Photo: Lars Plougmann (CC BY-SA)

Georgia Sangster says women are once again forced to be the shock absorbers of poverty in austerity-driven crisis

This spring, inflation reached 9%; food price inflation hit 4.3% in May (the highest rate since 2013), and a typical energy bill went up by 54%, with further increases forecast for October. Despite the Government’s narrative, we need to look further back than Russia’s invasion of Ukraine to understand the cost-of-living crisis. This crisis hasn’t blown in like a freak hurricane; it is the inevitable result of the decision of successive governments to pursue austerity. For over a decade, millions of households have found themselves with no more slack to cut, and yet it is those households, once again, left unsupported during this crisis.
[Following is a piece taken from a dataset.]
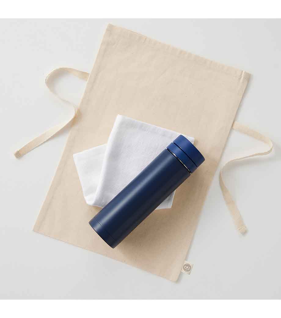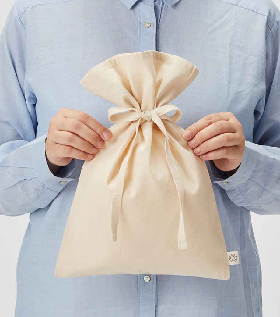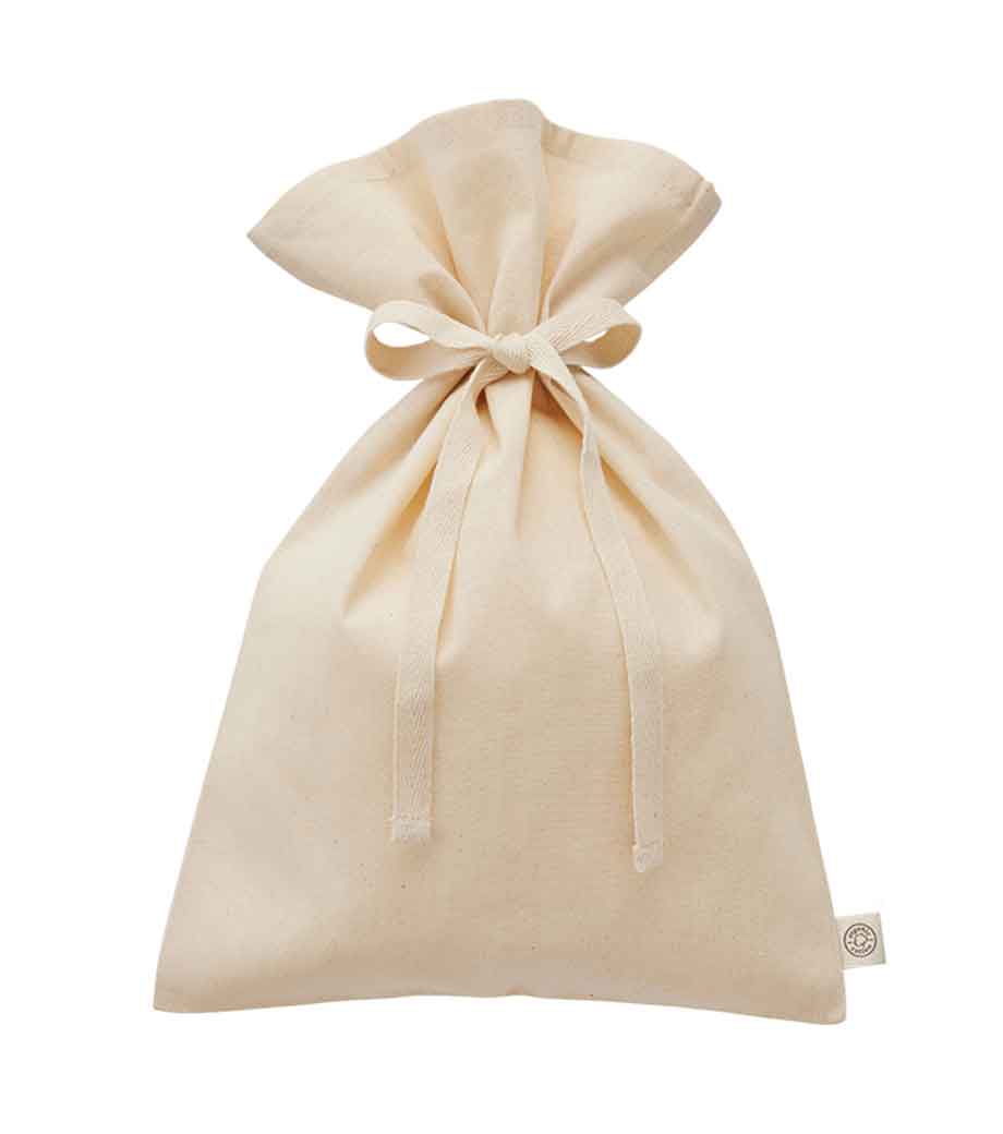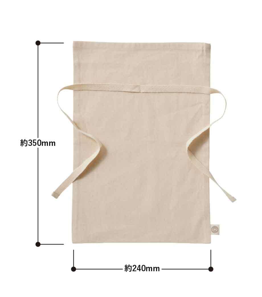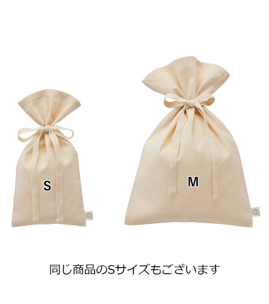 オーガニックコットンラッピング巾着(M)は、有機農法で育てられたエコな素材のラッピング用品。環境に配慮して作られた、SDGsの目標に貢献できるノベルティです。コットンテープの紐を結ぶだけで、可愛らしくおしゃれなギフトに。300ml程度のボトルが入るサイズ感で、箱入りの記念品を包むのにもおすすめです。

When we talk about who are going to be hit hardest by price increases, we need to talk about women. Women are more likely to be poor, and they have lower levels of savings and wealth than men. Since women are still responsible for the vast majority of care within the family – of children and elderly parents – they are less able than men to increase their hours of paid work. Women are, and always have been, the shock absorbers of poverty. They usually have the main responsibility for buying and preparing food for their children and families, and for managing budgets within low-income households. When household budgets are squeezed, it is women who regularly skip meals in order to feed their children. 
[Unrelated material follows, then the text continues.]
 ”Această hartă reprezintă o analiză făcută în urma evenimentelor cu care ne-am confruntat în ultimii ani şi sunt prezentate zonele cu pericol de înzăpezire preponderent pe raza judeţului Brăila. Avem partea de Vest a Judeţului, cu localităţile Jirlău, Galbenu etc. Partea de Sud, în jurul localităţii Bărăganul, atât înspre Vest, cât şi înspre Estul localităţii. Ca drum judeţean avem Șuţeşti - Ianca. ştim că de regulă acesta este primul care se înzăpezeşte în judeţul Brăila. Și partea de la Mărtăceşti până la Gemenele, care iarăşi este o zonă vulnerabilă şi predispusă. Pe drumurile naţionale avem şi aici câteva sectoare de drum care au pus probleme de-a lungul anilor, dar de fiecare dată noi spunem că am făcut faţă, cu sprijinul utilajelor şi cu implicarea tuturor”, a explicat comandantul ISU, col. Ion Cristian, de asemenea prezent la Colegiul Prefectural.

For some groups of women, the capacity to withstand increases in the cost of living is limited even further. Poverty rates are significantly higher for Bangladeshi, Pakistani, and Black women than among white women. Single parents, the majority of whom are women, are also vulnerable to price increases – they are more likely to be in low-paid and part-time work.

We have a very good system for targeting support where it is needed the most – our social security system. Yet in April, the Government failed to uprate benefits in line with inflation – only a few months after their decision to cut the £20 per week uplift in Universal Credit. Our punitive benefit payment levels are a huge driver of food bank use.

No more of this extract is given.